The M. V. Frunze Museum (М. В. Фрунзенин Үй-музейи) is a museum located in the capital of Kyrgyzstan, Bishkek. The museum is dedicated to exhibiting artifacts of Mikhail Frunze.

== History ==
The museum opened for the first time in December 1925, the aim with the creation of the museum was to commemorate Mikhail Frunze in the house where he was born, this house was built in 1879 by Vasily Frunze, Mikhail's father. In 1967, the museum was renovated after the anniversary of the October Revolution, the muralists Alexei Kamensky and Alexander Voronin participated in the decoration of the building. In 2002, the building was added to the State List of Historic and Cultural Monuments of Republican Importance. In 2014, three exhibits were stolen from the museum, including the banner of the 46th regiment of the Red Army. In April 2019, Du Dewen, the ambassador of China to Kyrgyzstan visited the museum. Also in 2019, jewelry from the museum were stolen.

== Collections ==
In 2001, the museum contained about 6583 objects.

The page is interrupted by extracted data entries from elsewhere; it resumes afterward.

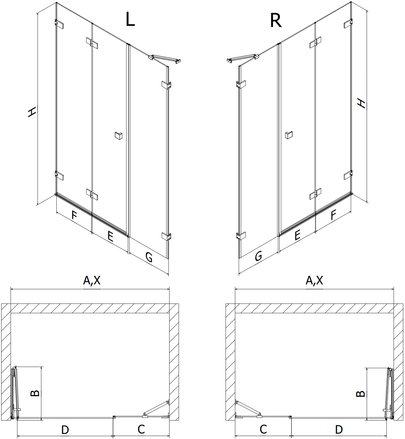Épaisseur du verre: porte 6 mm, paroi 8 mm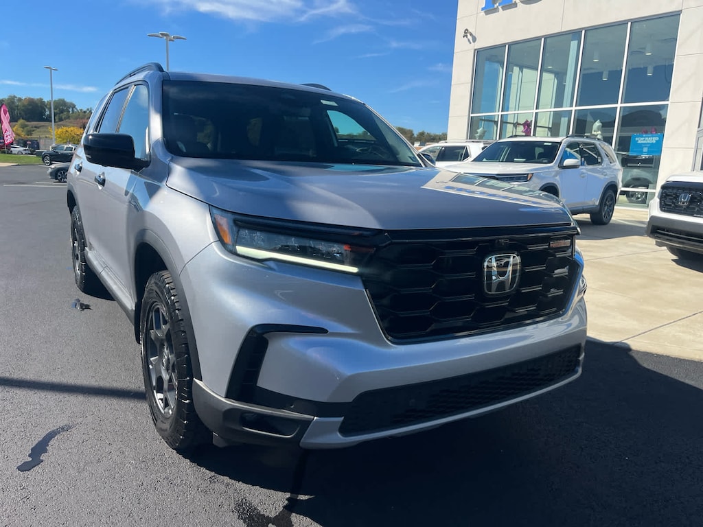 Blind Spot Monitor, Cross-Traffic Alert, Lane Keeping Assist, Child Safety Locks, Electronic Stability Control, Brake Assist, 4-Wheel ABS, 4-Wheel Disc Brakes Safety equipment includes Blind Spot Monitor Honda TrailSport with Lunar Silver Metallic exterior and Black interior features a V6 Cylinder Engine with 285 HP at 6100 RPM*.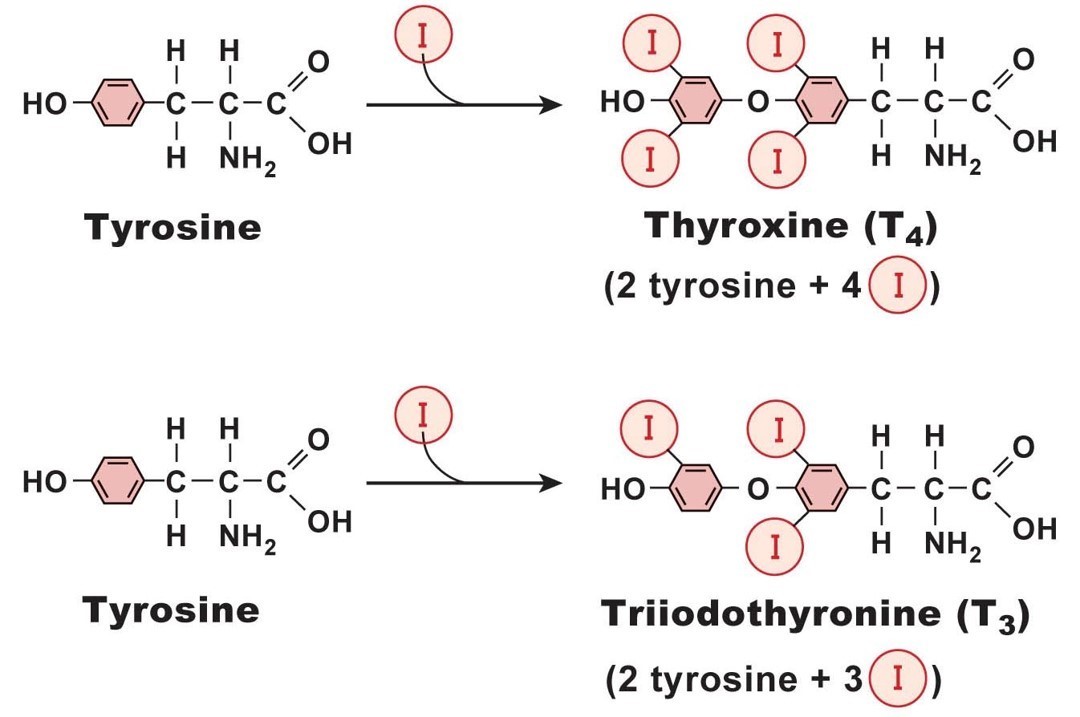 Explain the process of iodide and tyrosine residues forming thyroid hormones?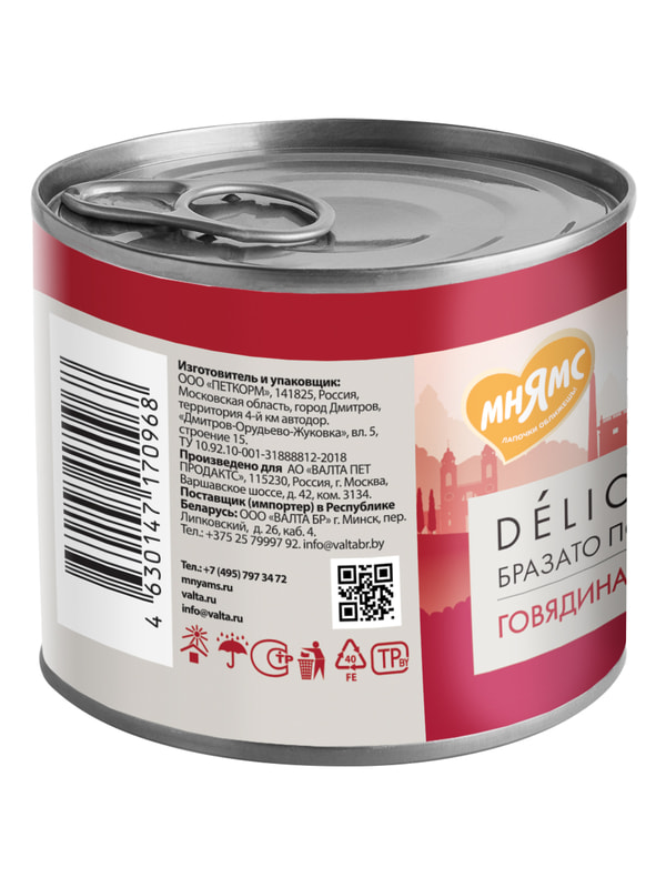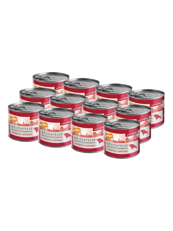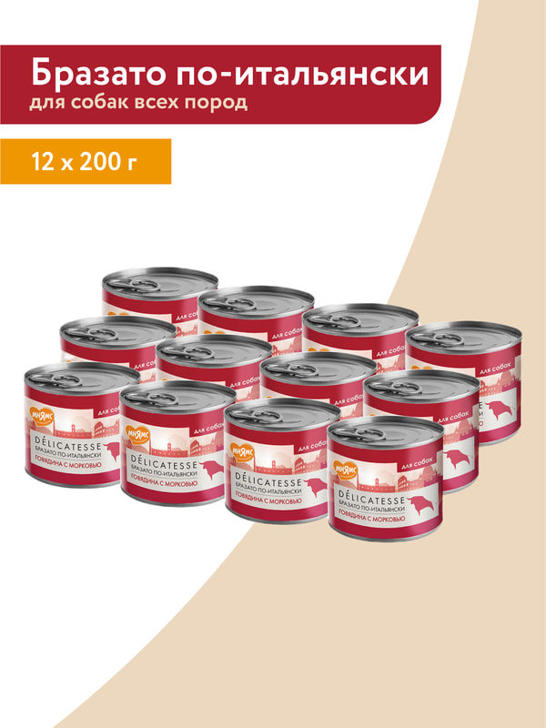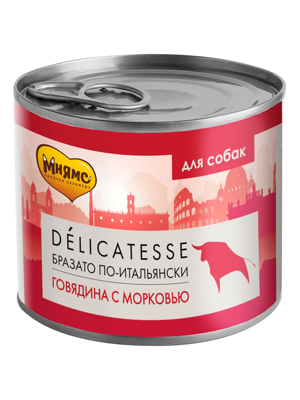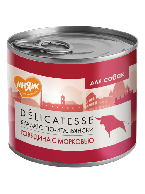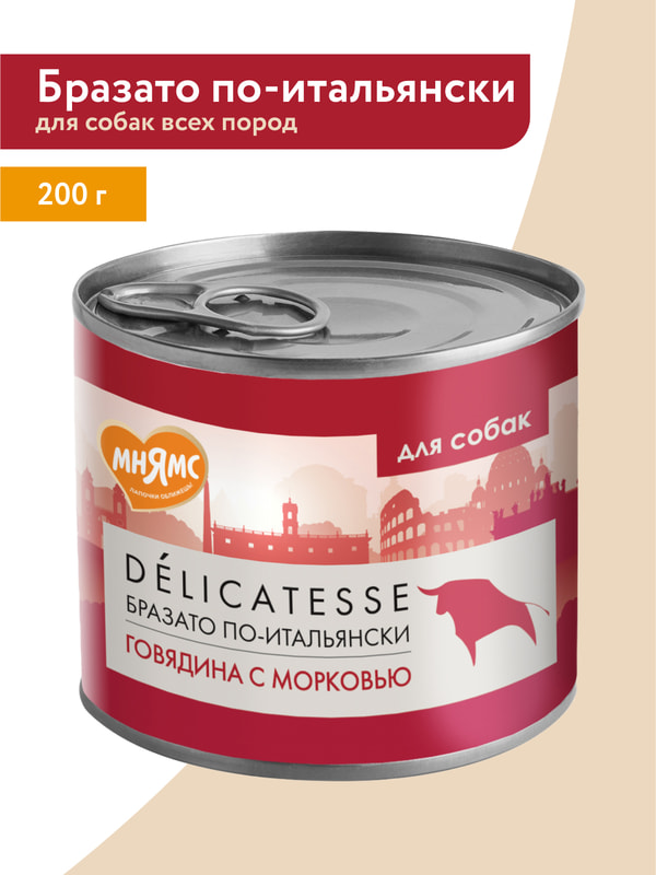 Повседневные корма Мнямс Влажный корм Мнямс Деликатес Паштет из говядины с морковью для собак всех пород "Бразато по-итальянски" 200 г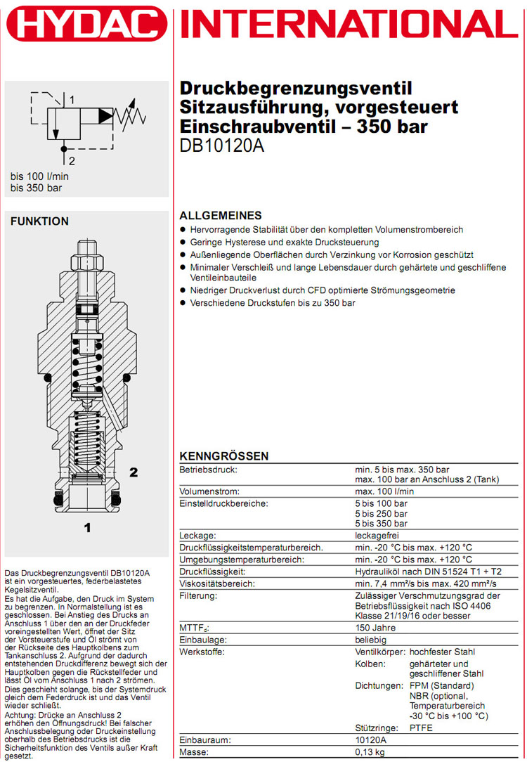 DB10120A-02X-100V,DB10120A-02X-250V,DB10120A-02X-350V,HYDAC压力溢流阀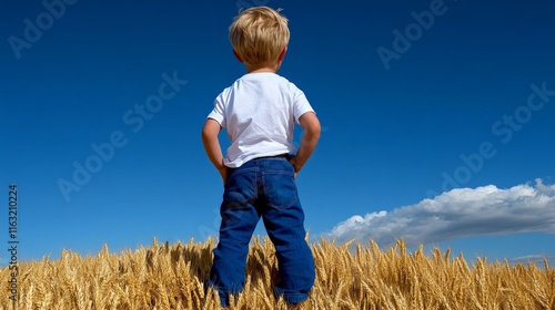 Little Dreamer: A young boy stands tall in a golden wheat field, his back to the camera, gazing up at the boundless blue sky. His posture speaks of wonder, ambition, and a heart full of dreams.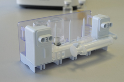 Comment cela fonctionne-t-il ? Il suffit de charger une cassette stérile à usage unique et quatre flacons dans l’unité de production et de lancer le processus. En seulement 15 minutes, la solution médicamenteuse est prête à l’emploi. La seringue remplie automatiquement peut alors être prélevée pour transférer la solution dans le nébuliseur et le patient peut commencer l’inhalation.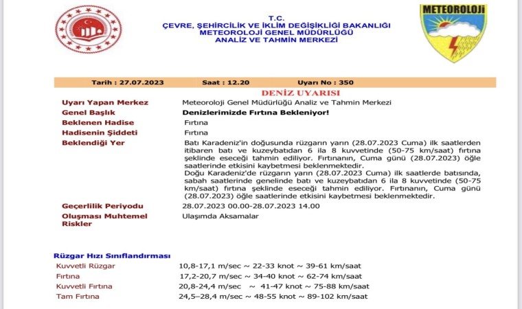 Denizlerde fırtına bekleniyor başlığı ile uyarıda bulunan Meteoroloji 10. Bölge Müdürlüğü açıklamasında, “Batı Karadeniz’in doğusunda rüzgarın 28 Temmuz’da ilk saatlerden itibaren batı ve kuzeybatıdan 6-8 kuvvetinde (50-75 km/saat) fırtına şeklinde eseceği tahmin ediliyor. Fırtınanın Cuma günü öğle saatlerinde etkisini kaybetmesi bekleniyor” ifadelerini kullanıldı. Olması muhtemel riskler olarak ise ulaşımda aksama uyarısında bulunuldu.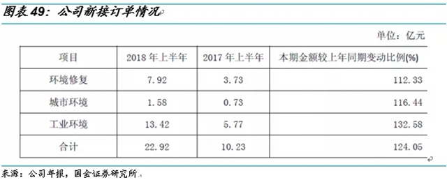 今年以來,公司項目拓展速度明顯加速,上半年公司三大業(yè)務板塊環(huán)境修復、城市環(huán)境和工業(yè)環(huán)境的新增訂單增速分別是112%、116%和133%,總金額達到了22.92億元。18年上半年,公司環(huán)境修復板塊實現(xiàn)收入4.28億元,同比增長64.29%。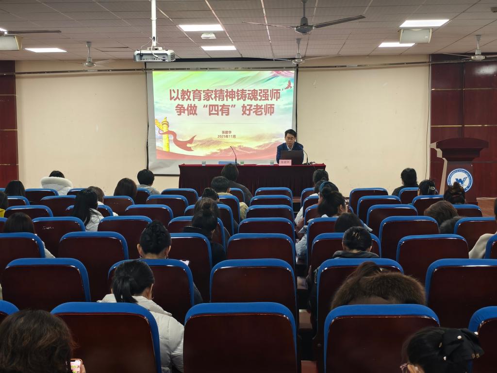 为进一步加强师德师风建设,11月17日,教师工作部部长张建华应邀至教育学院为全体与会教师作题为“以教育家精神铸魂强师,争做‘四有’好老师”的专题报告。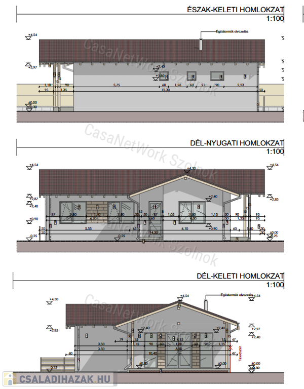 - A családi ház helyiségei: 3 hálószoba, előszoba, fürdőszoba WC-vel, külön WC helyiség, tároló, közlekedő, amerikai konyhás nappali, valamint fedett terasz a bejáratnál és a kert felé is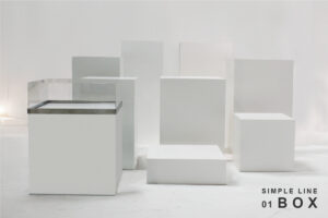 店舗での商品陳列やディスプレイに活躍するのが「SIMPLE LINE 01 BOX」。 お客様の目線に近い場所で直接商品に触れていただいたり、マネキンなどのディスプレイステージやショーケースとしてイメージ訴求し、お客様の購買意欲を高めたりと、シンプルな箱でありながら重要なアイテムのひとつです。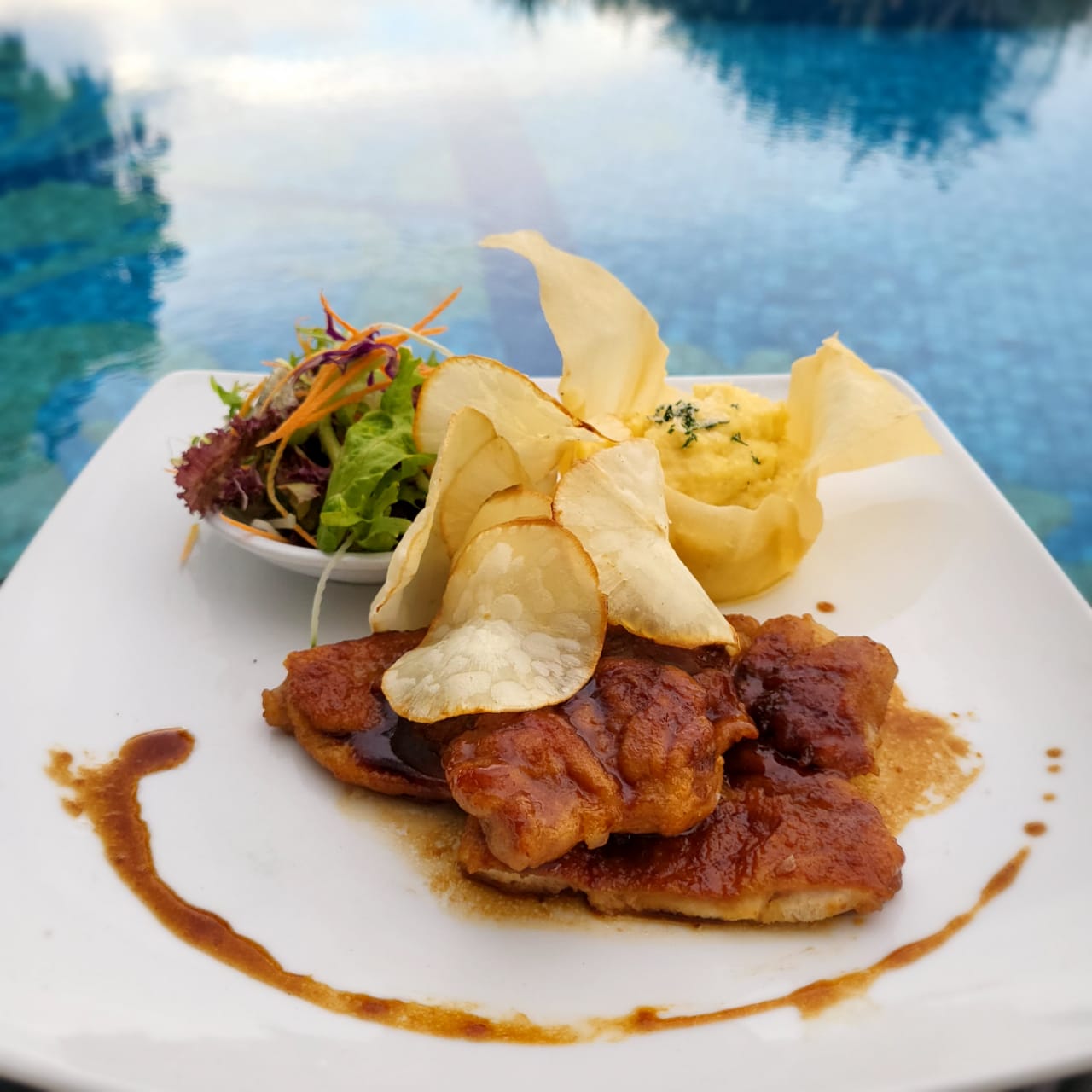 Chicken Teriyaki Chicken fillet served with Mashed potato, Green salad, with Teriyaki sauce and Cassava chips on top Rp 148.000 Available - +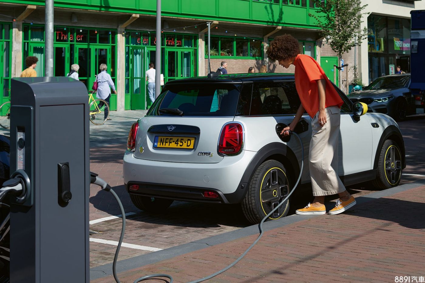 純電Mini外觀與二度小改的燃油版本相近,不過少了排氣尾管,油箱蓋也換成具Mini E純電徽飾浮雕的充電口蓋,此外黃色塗裝的後視鏡蓋及環車多處的亮黃色「S」標章,也成為Mini Cooper SE的正字標記。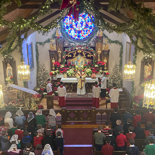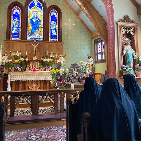 The liturgical ceremonies and feast-days of the Traditional Rite fill the lives of the religious with a richness and ever-present love of Our Lord. The daily recitation of the traditional 15 decades of the Rosary, takes the place of the Hours in our active life. Each day ends with “The Little Office of Our Lady” when Compline is sung in the convent chapel.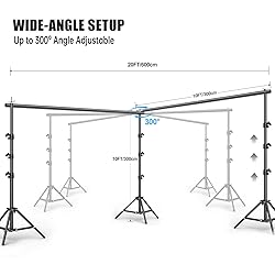 10x20FT VERSATILE SETUP: This 10x20FT background stand offers flexible L-shape and horizontal angle, perfect for creating dynamic shooting angles and multi-scene setups. Ideal for photography, video production, and event backdrops DUAL BACKDROP STAND: This stand support allows you to hang two different colored backdrops simultaneously, enabling quick scene changes and creative versatility 360° ANGLE ROTATION: Rotation Crossbar Connector with angle adjustable mount. Make Background screens adjust at various angles for your needs, extended as many as needed. High flexibility and versatility for professional studio environment HEAVY DUTY LIGHT STAND&CROSSBAR: This heavy duty light stand can be adjusted in height from 3.0ft to 10ft, they are strong and durable & stable pole backdrop stand. 2 Crossbars can be connected by a crossbar connector, the combined maximum width reach 20 ft. Max Load Capacity 40 LB FREE CARRY BAG & CLAMPS: This kit includes 6 spring clamps, and free carry bag, making it easy to use , and convenient to carry and store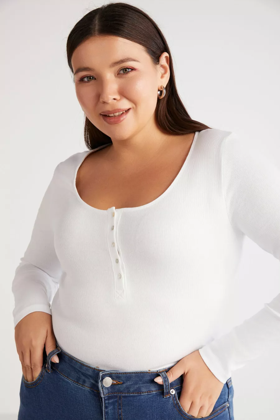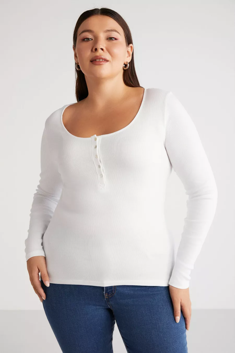 Pattern: Plain Fit: Plus Size Neck Type: Wrap Fabric Type: Knit Material: Cotton - Elastane Sleeve Type: Regular Sleeve Color: White Occasion: Casual/Daily Length: Regular Sleeve Length: Long Print/Embroidery Technique: Unprinted Persona: Cool & Comfort Pocket: No Pockets Weave Type: Ribbed Belt/Strap: Without Belt Sustainability Detail: No Silhouette: Wrap Material Composition: 95% Cotton, 5% Elastane Thickness: Medium Washing Instructions: T1 Collection: Plus Size Package Content: Single
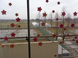 4時間目の合唱練習が終わり、教室へ戻った3年生。窓を見るとたくさんの桜の花が咲いています。 3年生の教室が空いている時間に、1年生の特別支援学級の生徒と先生、支援員さんで貼ったものです。春が訪れた …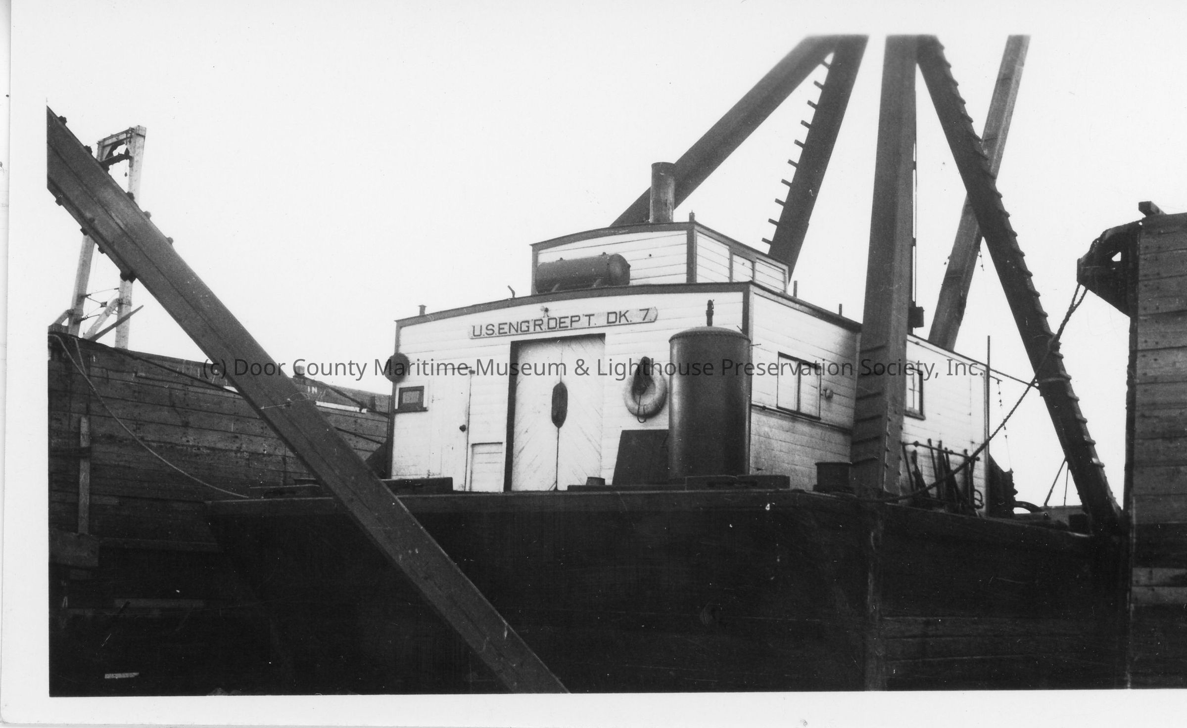 Stern starboard view of US Engineering Department dredge DK 7 in drydock

Some of these artifacts were donated by Mikhail's family or friends, including furniture and plates. One of the main exhibits of the museum was an adobe hut. The museum contains books, manuscripts, documents, photographs and paintings. In 2018, an exhibition about the development of Bishkek with photographs was organized in the museum, which was attended by Aigul Ryskulova, Vice Mayor of Bishkek at that time. In 2019, the museum presented an exhibition about Epic of Manas, in this exhibition documents, photographs and illustrations were shown. In February 2021, the museum organized the exhibition "Frunze Week" where it presented personal belongings of Mikhail Frunze. In April 2021, the museum presented an exhibition with old books dating from the late 19th and early 20th century.